Problem requirements »
Skip the pictures and repeat each line of the data exactly.

Data »
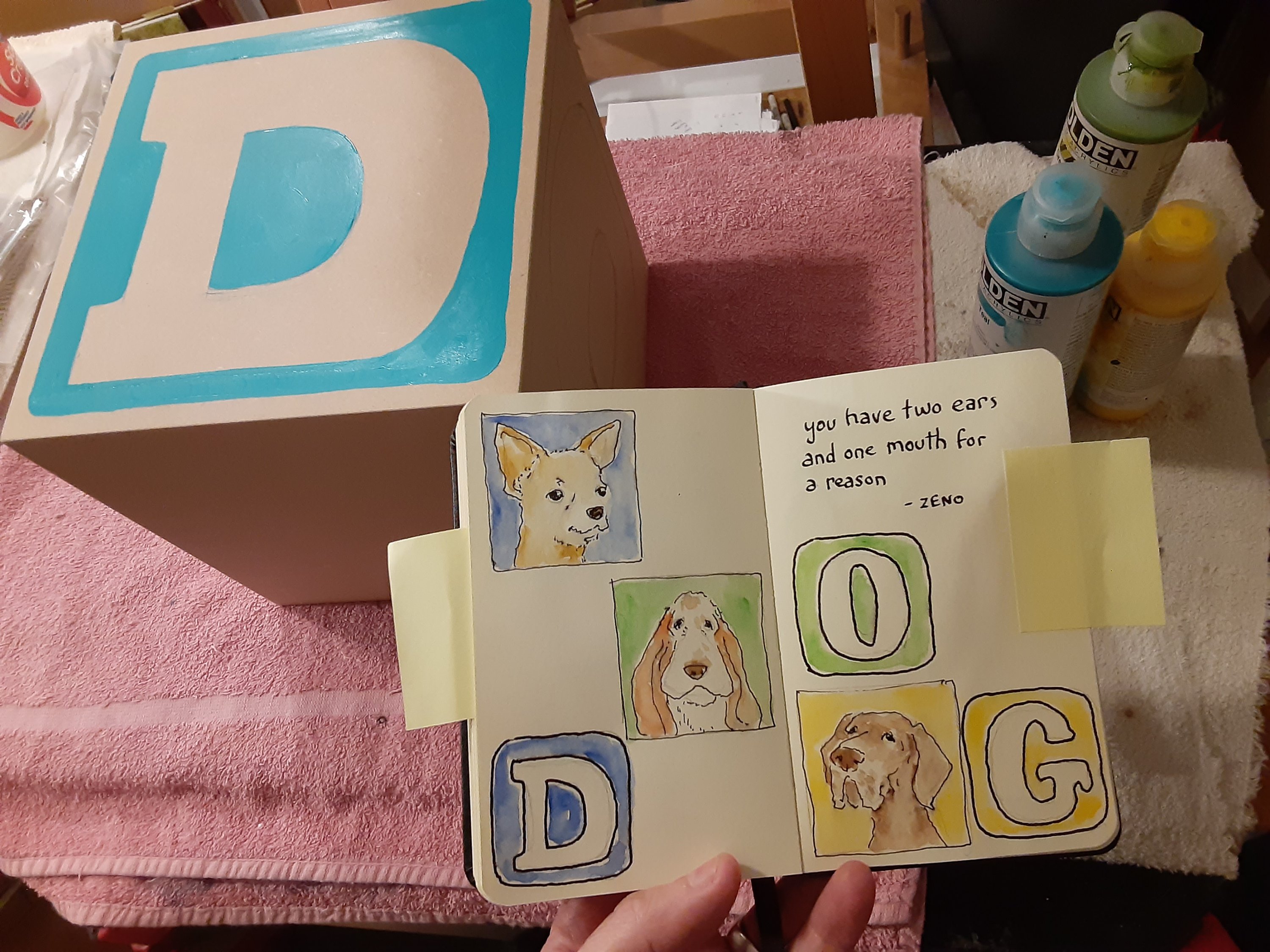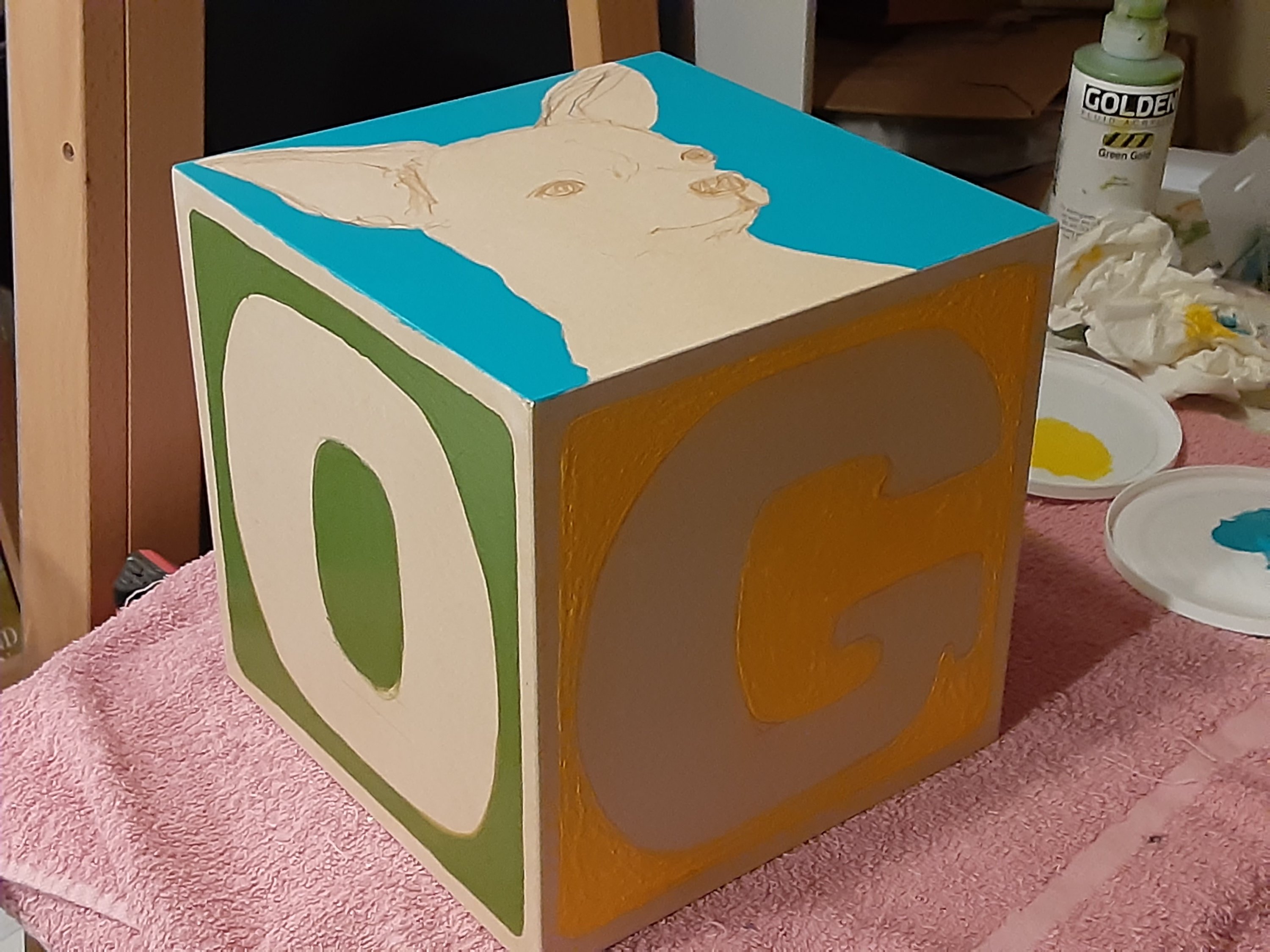 This project in progress below is a 3d cube 8 inches square that I’m doing for a holiday exhibit at Caplan Art Designs! I’m aiming for the used wooden toy block look – but with a dog theme.
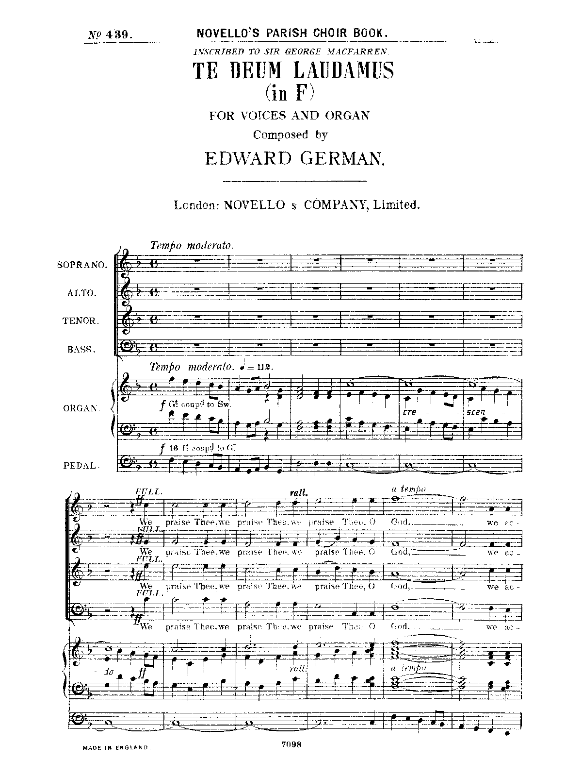 | Genre Categories | Te Deum; Religious works; For mixed chorus, organ; |
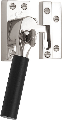 Deze raamsluiting is van Formani uit de serie Timeless, 1923 Inspired by Bauhaus. Het materiaal is mat nikkel en Ebbenhout. De raamsluiting is afsluitbaar SKG1.
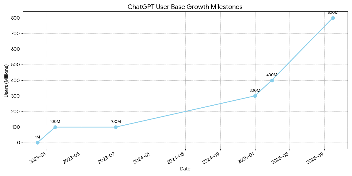In 2015 several individuals including Sam Altman and Elon Musk founded a company called OpenAI. The company was designed to be a research organization dedicated to developing artificial intelligence safely and for the benefit of humankind. Its early goals were to advance these AI capabilities while ensuring transparency and ethics. ChatGPT emerged from this research as part of OpenAI’s Generative Pre-trained Transformer series which applied deep learning and transformer architectures to generate coherent text. The first version of ChatGPT launched on November 30, 2022. Below is a graph showcasing the growth of its user base.
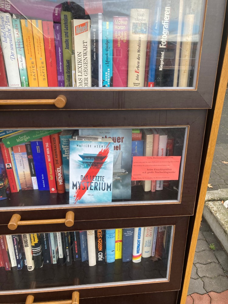 Was soll ich sagen, für nächste Woche sind zwei Bücher avisiert. Also gleich heute Morgen auf zum Bücherschrank in der Mitte unseres Stadtteils. Jetzt können die Bücher neue, temporäre Besitzer finden. Meinem Opa hätte das sicher gefallen.
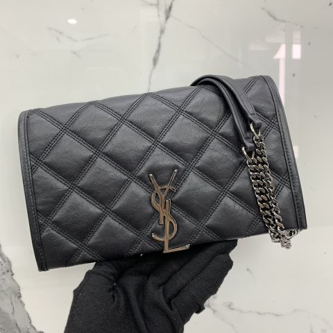 585031 LAMBSKIN DIAMOND QUILTED BECKY WALLET ON CHAIN BLACK

Solved problem »
 This project in progress below is a 3d cube 8 inches square that I’m doing for a holiday exhibit at Caplan Art Designs! I’m aiming for the used wooden toy block look – but with a dog theme.
 | Genre Categories | Te Deum; Religious works; For mixed chorus, organ; |
 Deze raamsluiting is van Formani uit de serie Timeless, 1923 Inspired by Bauhaus. Het materiaal is mat nikkel en Ebbenhout. De raamsluiting is afsluitbaar SKG1.
In 2015 several individuals including Sam Altman and Elon Musk founded a company called OpenAI. The company was designed to be a research organization dedicated to developing artificial intelligence safely and for the benefit of humankind. Its early goals were to advance these AI capabilities while ensuring transparency and ethics. ChatGPT emerged from this research as part of OpenAI’s Generative Pre-trained Transformer series which applied deep learning and transformer architectures to generate coherent text. The first version of ChatGPT launched on November 30, 2022. Below is a graph showcasing the growth of its user base.
 Was soll ich sagen, für nächste Woche sind zwei Bücher avisiert. Also gleich heute Morgen auf zum Bücherschrank in der Mitte unseres Stadtteils. Jetzt können die Bücher neue, temporäre Besitzer finden. Meinem Opa hätte das sicher gefallen.
 585031 LAMBSKIN DIAMOND QUILTED BECKY WALLET ON CHAIN BLACK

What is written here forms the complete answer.